● **Instructions to follow**
The task calls for the lines from the start of the entries below through the line with "In a classic, charming", given again verbatim, with every picture dropped.

════════

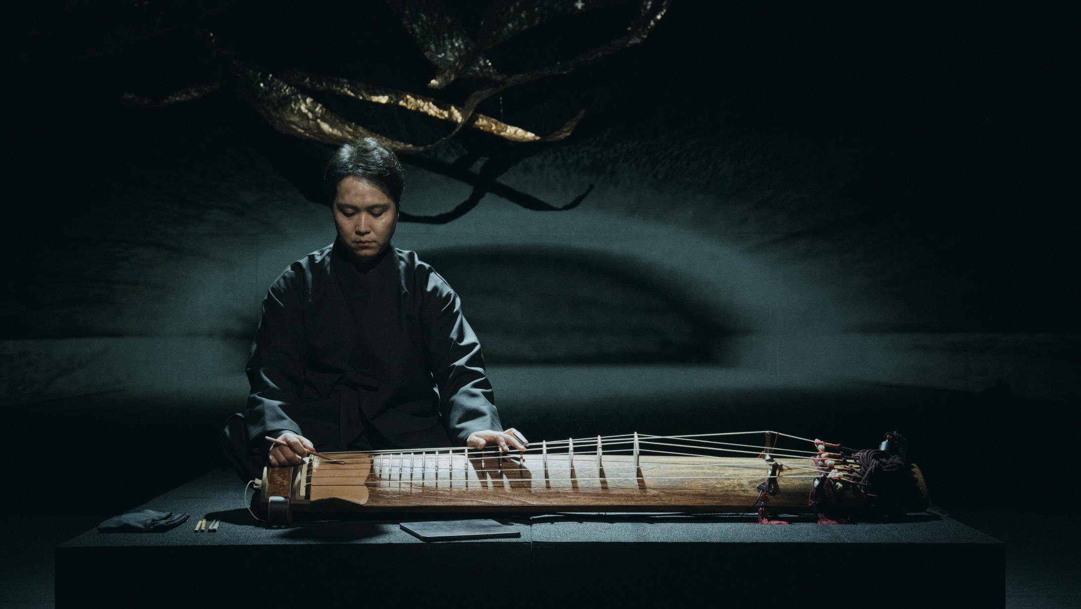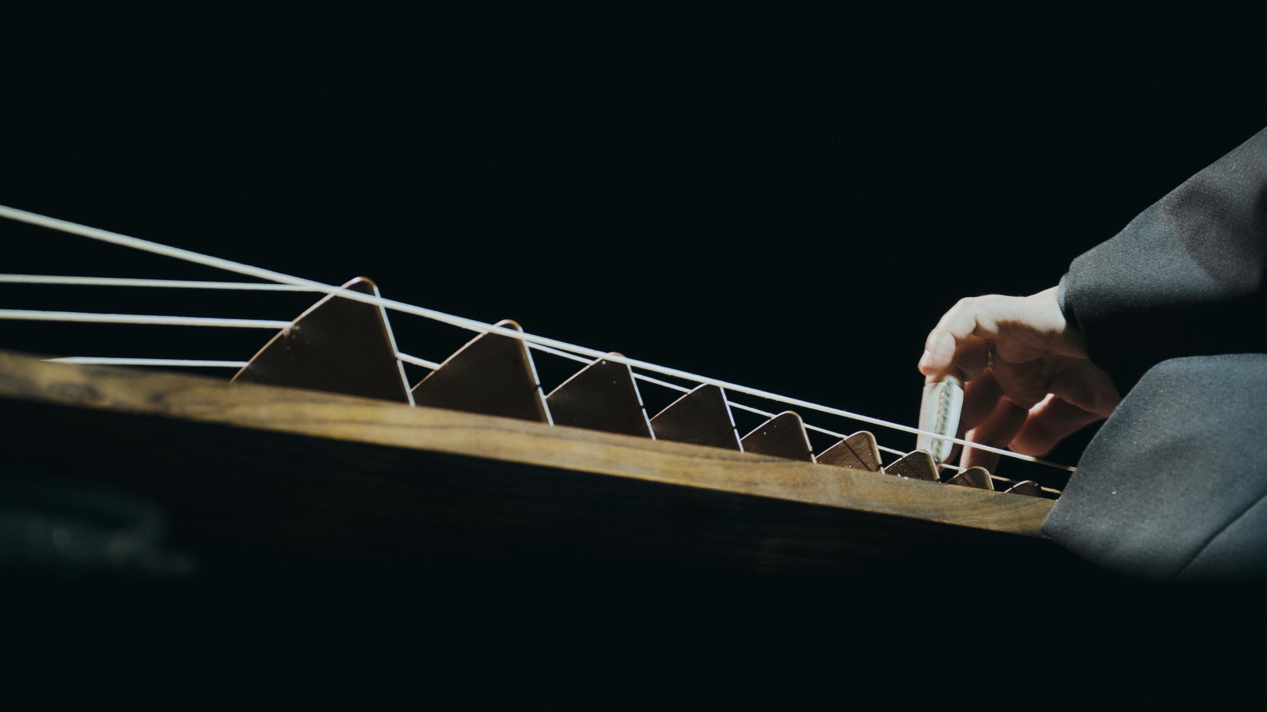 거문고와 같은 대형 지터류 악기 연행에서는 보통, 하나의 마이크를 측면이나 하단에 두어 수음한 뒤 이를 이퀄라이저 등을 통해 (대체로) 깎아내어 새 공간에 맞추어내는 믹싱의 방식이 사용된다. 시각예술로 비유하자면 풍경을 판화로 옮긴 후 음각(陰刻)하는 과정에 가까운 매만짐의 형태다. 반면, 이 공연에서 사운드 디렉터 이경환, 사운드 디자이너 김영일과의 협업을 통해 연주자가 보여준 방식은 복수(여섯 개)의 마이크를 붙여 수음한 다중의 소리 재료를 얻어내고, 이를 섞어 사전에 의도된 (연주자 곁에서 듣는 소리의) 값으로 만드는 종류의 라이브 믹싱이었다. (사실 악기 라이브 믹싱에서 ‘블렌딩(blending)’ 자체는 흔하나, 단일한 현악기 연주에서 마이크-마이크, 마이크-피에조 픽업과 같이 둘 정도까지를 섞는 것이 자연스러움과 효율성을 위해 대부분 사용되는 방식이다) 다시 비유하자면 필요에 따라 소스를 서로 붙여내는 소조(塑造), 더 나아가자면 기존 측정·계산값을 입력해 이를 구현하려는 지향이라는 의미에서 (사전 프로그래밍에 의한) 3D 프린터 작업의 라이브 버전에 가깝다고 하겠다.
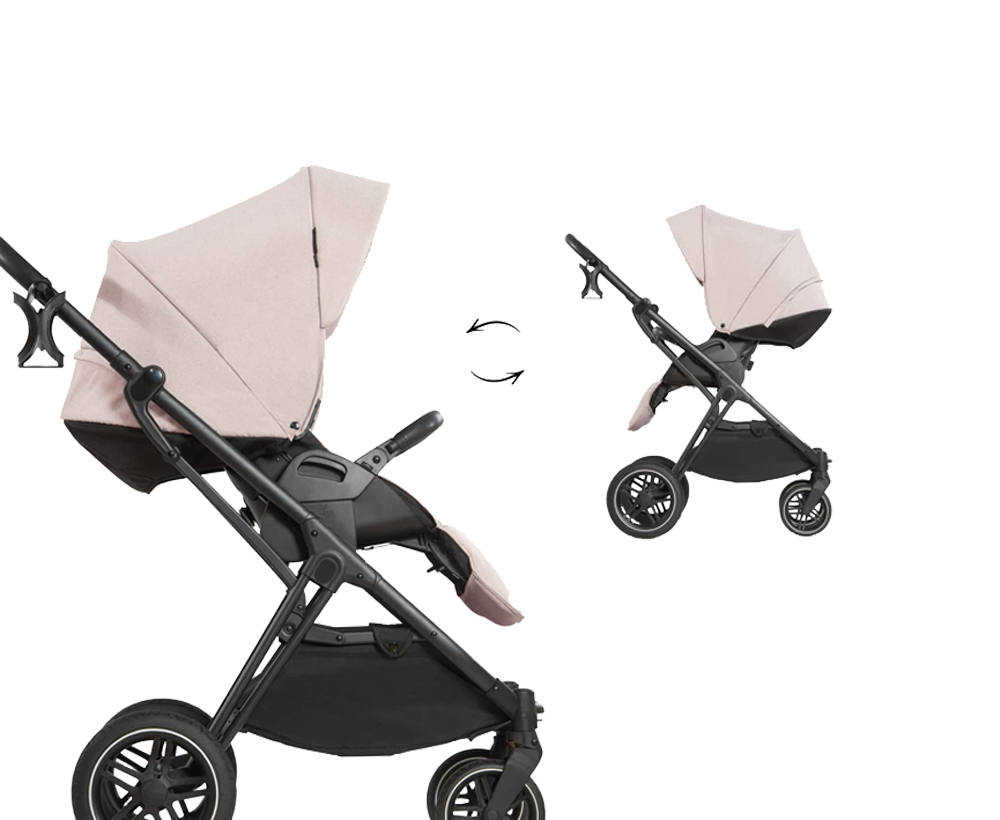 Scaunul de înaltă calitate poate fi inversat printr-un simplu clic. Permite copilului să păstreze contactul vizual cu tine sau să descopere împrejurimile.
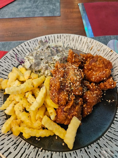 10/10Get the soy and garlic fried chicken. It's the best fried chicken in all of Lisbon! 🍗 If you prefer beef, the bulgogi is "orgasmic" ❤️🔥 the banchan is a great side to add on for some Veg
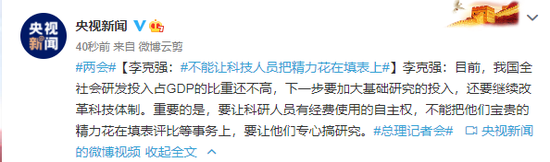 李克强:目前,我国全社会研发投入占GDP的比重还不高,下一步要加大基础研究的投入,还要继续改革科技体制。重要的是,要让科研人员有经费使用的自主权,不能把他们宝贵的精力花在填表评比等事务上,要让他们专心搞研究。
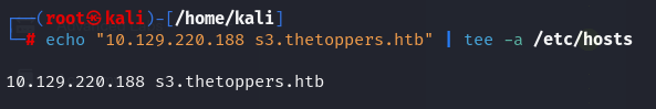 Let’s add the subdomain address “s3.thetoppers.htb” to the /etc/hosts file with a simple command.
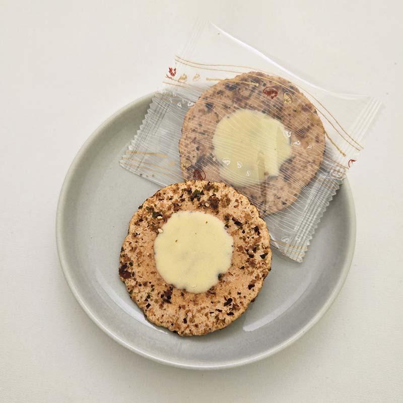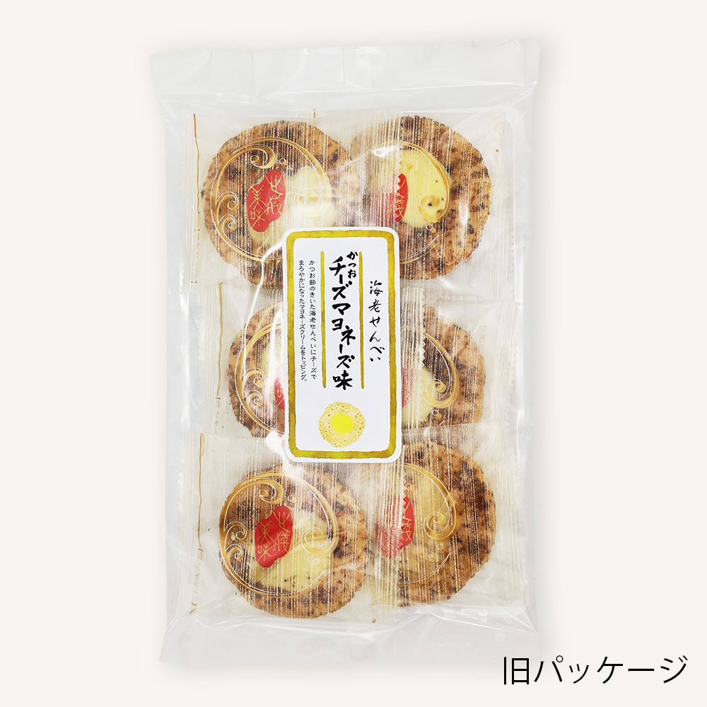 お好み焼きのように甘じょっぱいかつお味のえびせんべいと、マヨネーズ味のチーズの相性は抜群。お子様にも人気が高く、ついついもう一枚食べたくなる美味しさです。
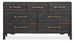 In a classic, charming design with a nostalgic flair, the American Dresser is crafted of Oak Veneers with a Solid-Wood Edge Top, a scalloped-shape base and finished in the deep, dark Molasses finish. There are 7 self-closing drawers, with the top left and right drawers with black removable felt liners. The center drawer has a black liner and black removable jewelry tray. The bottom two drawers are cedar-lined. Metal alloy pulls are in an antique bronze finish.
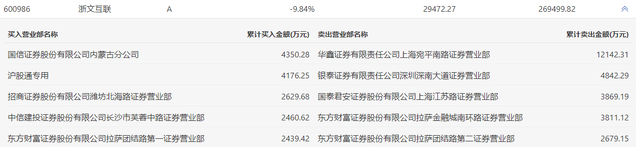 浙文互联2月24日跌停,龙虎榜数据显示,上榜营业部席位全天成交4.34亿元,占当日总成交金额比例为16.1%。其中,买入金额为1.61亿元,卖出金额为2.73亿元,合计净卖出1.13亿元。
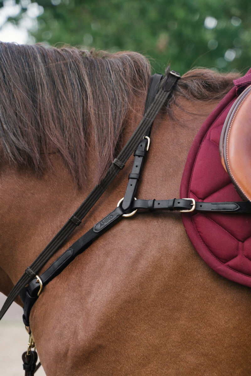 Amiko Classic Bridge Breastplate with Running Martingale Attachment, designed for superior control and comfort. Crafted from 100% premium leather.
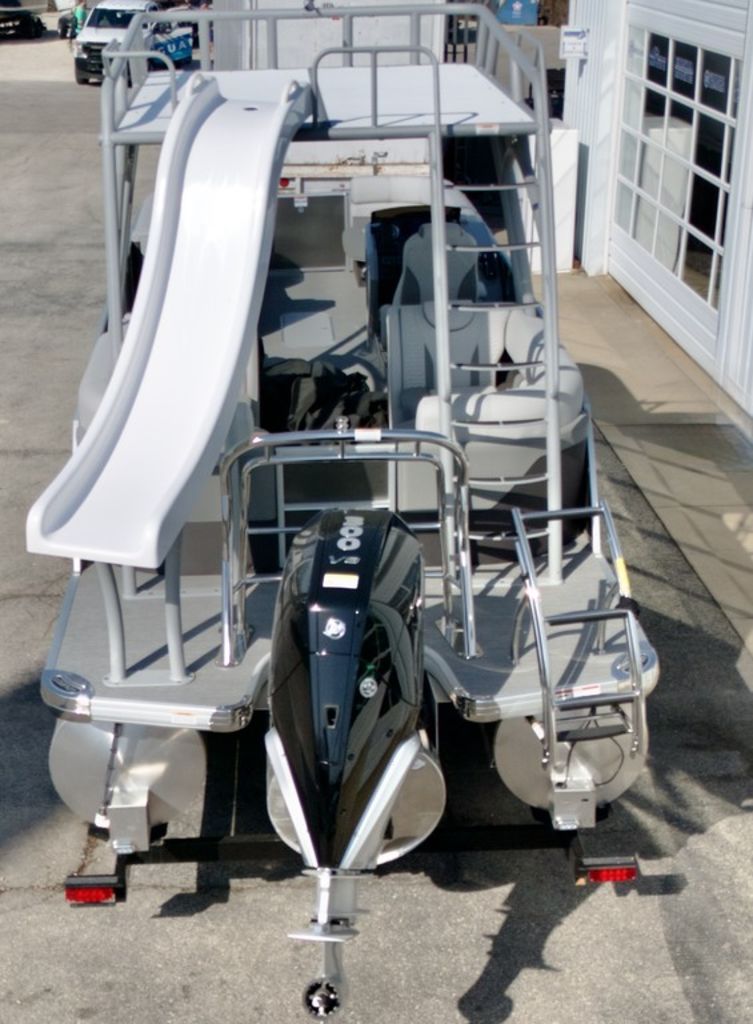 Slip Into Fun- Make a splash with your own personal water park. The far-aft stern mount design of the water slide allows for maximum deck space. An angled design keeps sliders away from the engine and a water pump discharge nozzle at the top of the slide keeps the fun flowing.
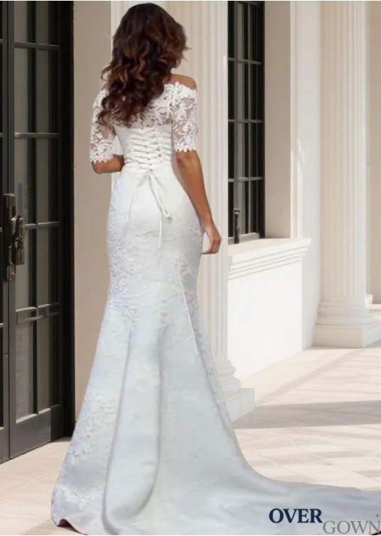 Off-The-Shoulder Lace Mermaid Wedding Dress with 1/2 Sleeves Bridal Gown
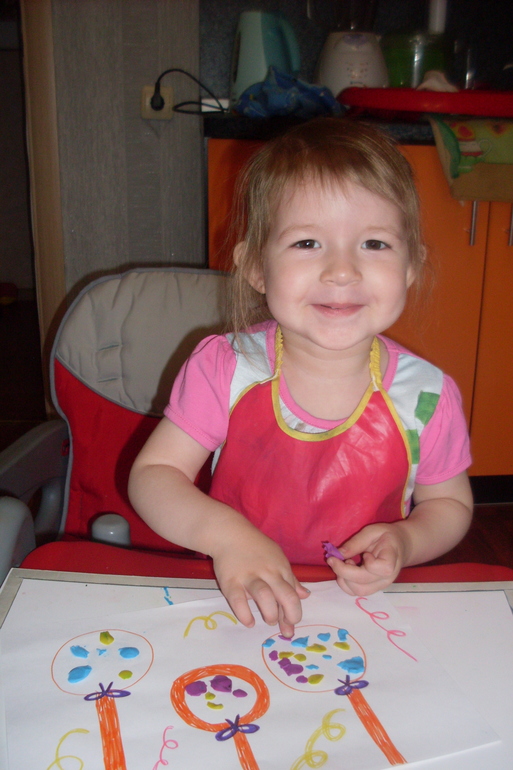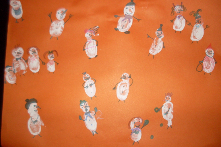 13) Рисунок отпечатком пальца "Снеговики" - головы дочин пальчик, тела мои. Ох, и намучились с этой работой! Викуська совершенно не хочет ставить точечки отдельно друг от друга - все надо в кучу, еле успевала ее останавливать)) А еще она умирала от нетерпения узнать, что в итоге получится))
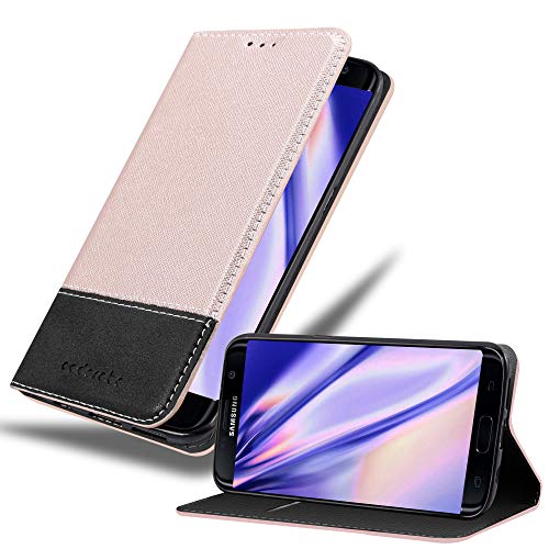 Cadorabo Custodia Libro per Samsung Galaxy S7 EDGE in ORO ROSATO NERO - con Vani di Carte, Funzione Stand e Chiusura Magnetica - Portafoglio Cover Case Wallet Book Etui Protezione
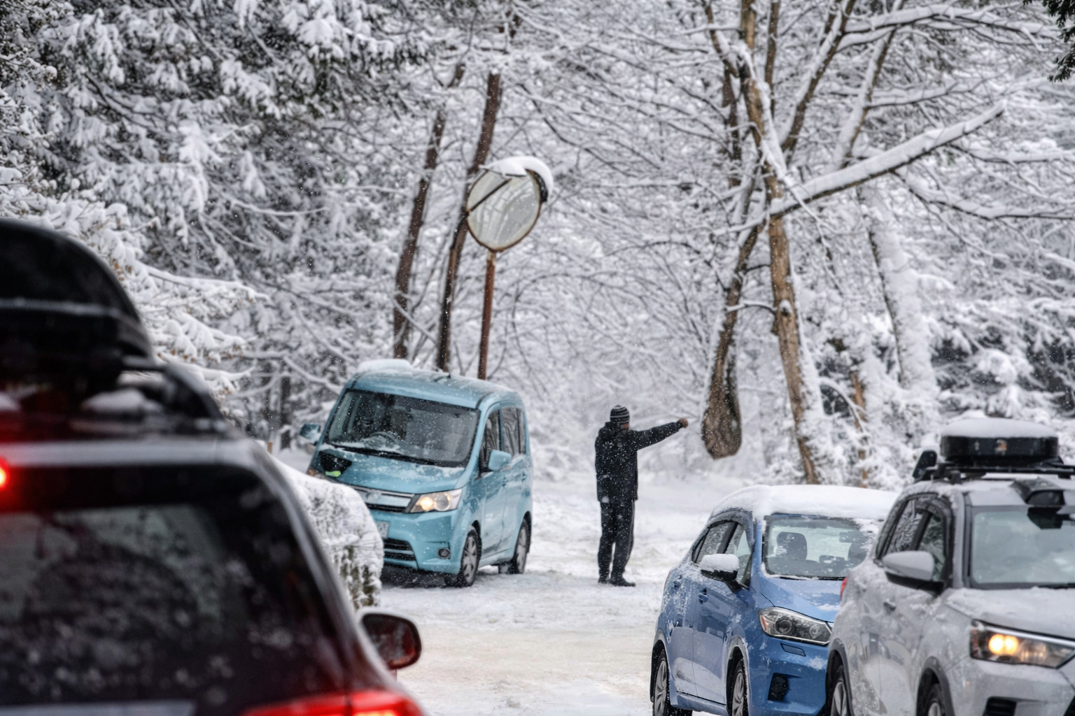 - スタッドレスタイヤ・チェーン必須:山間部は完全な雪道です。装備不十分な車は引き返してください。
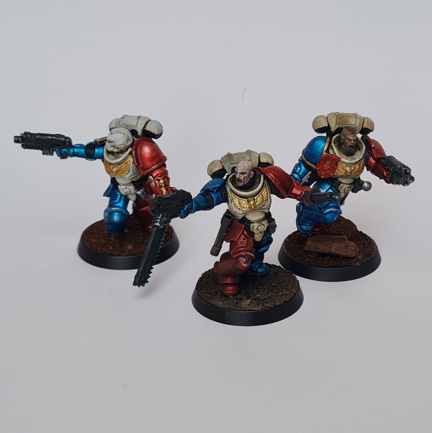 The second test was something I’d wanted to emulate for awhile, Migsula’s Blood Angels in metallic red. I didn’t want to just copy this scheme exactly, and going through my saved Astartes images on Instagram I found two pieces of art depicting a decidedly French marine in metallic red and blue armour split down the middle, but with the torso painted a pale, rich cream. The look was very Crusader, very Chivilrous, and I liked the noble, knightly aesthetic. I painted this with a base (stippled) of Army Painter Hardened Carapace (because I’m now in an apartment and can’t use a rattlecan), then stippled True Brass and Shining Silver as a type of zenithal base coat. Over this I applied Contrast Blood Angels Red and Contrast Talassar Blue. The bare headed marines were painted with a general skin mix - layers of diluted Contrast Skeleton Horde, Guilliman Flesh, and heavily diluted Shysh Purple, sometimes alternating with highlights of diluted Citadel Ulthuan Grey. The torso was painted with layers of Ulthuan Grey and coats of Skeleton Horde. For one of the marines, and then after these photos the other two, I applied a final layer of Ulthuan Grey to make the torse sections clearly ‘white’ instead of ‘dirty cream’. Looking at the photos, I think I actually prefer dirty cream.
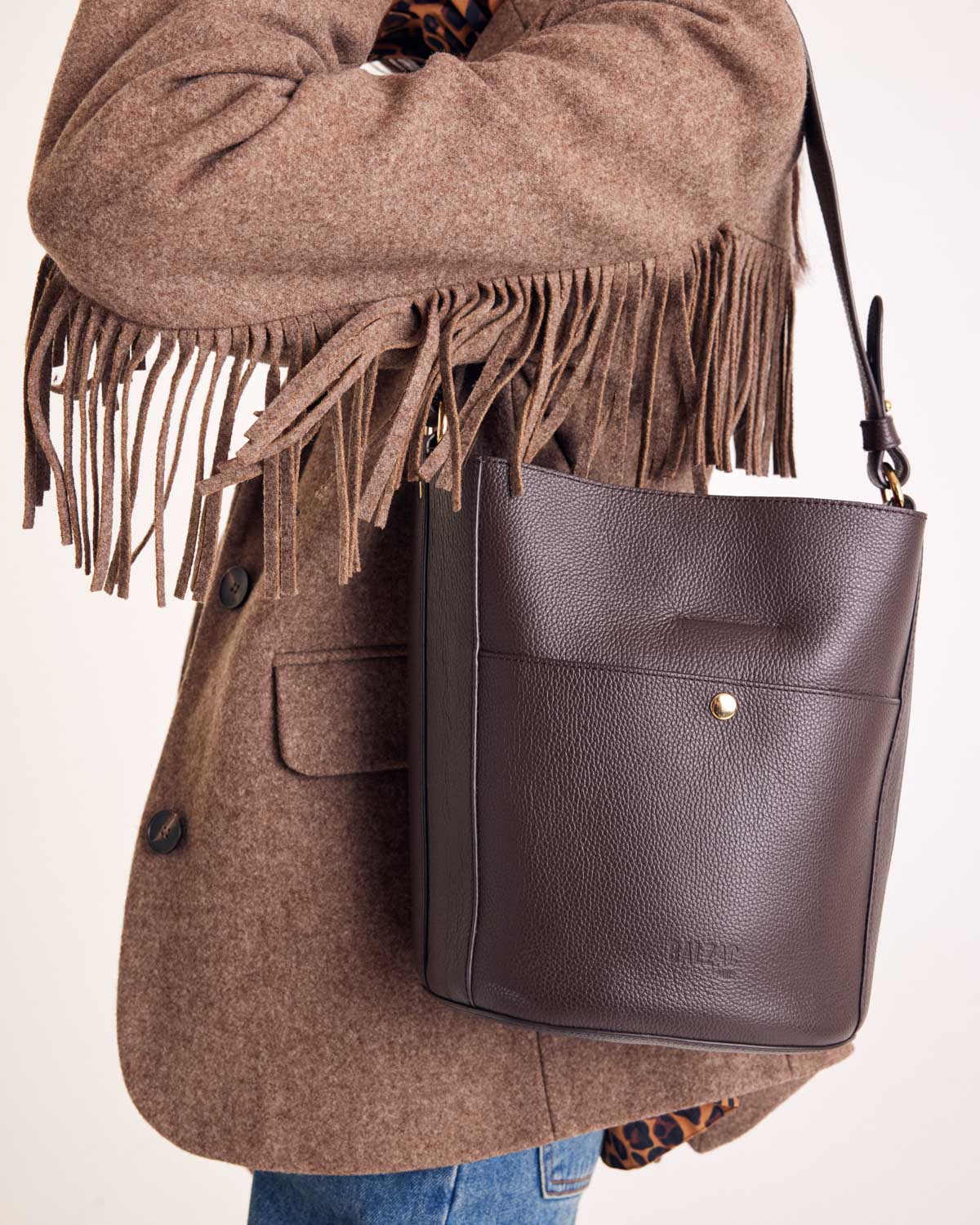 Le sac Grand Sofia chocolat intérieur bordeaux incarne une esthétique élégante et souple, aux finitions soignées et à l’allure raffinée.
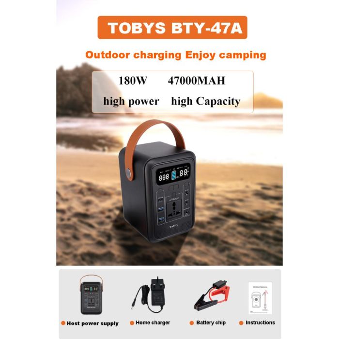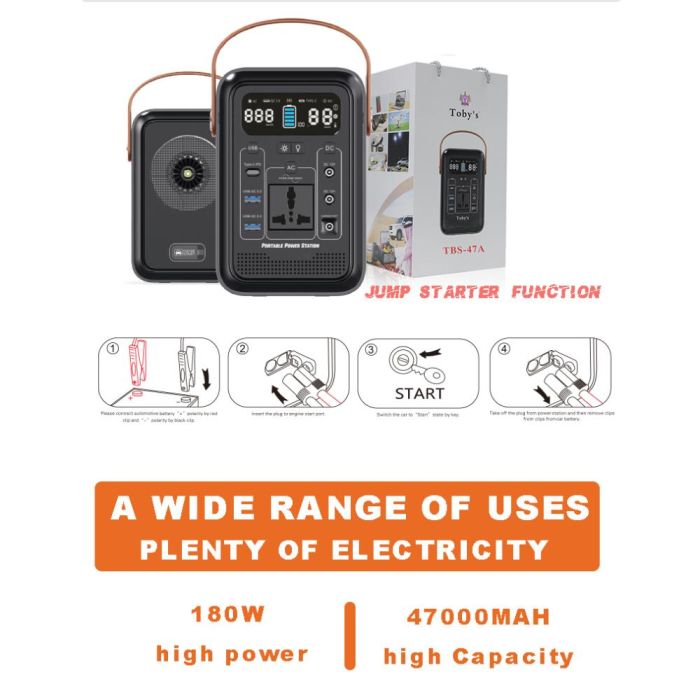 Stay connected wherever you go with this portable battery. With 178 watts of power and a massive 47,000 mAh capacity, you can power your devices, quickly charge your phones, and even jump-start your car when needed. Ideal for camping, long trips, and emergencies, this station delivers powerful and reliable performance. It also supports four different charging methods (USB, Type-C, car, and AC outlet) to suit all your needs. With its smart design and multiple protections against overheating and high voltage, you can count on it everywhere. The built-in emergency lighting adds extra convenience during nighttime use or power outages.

════════

● **Solution to the exercise**
 거문고와 같은 대형 지터류 악기 연행에서는 보통, 하나의 마이크를 측면이나 하단에 두어 수음한 뒤 이를 이퀄라이저 등을 통해 (대체로) 깎아내어 새 공간에 맞추어내는 믹싱의 방식이 사용된다. 시각예술로 비유하자면 풍경을 판화로 옮긴 후 음각(陰刻)하는 과정에 가까운 매만짐의 형태다. 반면, 이 공연에서 사운드 디렉터 이경환, 사운드 디자이너 김영일과의 협업을 통해 연주자가 보여준 방식은 복수(여섯 개)의 마이크를 붙여 수음한 다중의 소리 재료를 얻어내고, 이를 섞어 사전에 의도된 (연주자 곁에서 듣는 소리의) 값으로 만드는 종류의 라이브 믹싱이었다. (사실 악기 라이브 믹싱에서 ‘블렌딩(blending)’ 자체는 흔하나, 단일한 현악기 연주에서 마이크-마이크, 마이크-피에조 픽업과 같이 둘 정도까지를 섞는 것이 자연스러움과 효율성을 위해 대부분 사용되는 방식이다) 다시 비유하자면 필요에 따라 소스를 서로 붙여내는 소조(塑造), 더 나아가자면 기존 측정·계산값을 입력해 이를 구현하려는 지향이라는 의미에서 (사전 프로그래밍에 의한) 3D 프린터 작업의 라이브 버전에 가깝다고 하겠다.
 Scaunul de înaltă calitate poate fi inversat printr-un simplu clic. Permite copilului să păstreze contactul vizual cu tine sau să descopere împrejurimile.
 10/10Get the soy and garlic fried chicken. It's the best fried chicken in all of Lisbon! 🍗 If you prefer beef, the bulgogi is "orgasmic" ❤️🔥 the banchan is a great side to add on for some Veg
 李克强:目前,我国全社会研发投入占GDP的比重还不高,下一步要加大基础研究的投入,还要继续改革科技体制。重要的是,要让科研人员有经费使用的自主权,不能把他们宝贵的精力花在填表评比等事务上,要让他们专心搞研究。
 Let’s add the subdomain address “s3.thetoppers.htb” to the /etc/hosts file with a simple command.
 お好み焼きのように甘じょっぱいかつお味のえびせんべいと、マヨネーズ味のチーズの相性は抜群。お子様にも人気が高く、ついついもう一枚食べたくなる美味しさです。
 In a classic, charming design with a nostalgic flair, the American Dresser is crafted of Oak Veneers with a Solid-Wood Edge Top, a scalloped-shape base and finished in the deep, dark Molasses finish. There are 7 self-closing drawers, with the top left and right drawers with black removable felt liners. The center drawer has a black liner and black removable jewelry tray. The bottom two drawers are cedar-lined. Metal alloy pulls are in an antique bronze finish.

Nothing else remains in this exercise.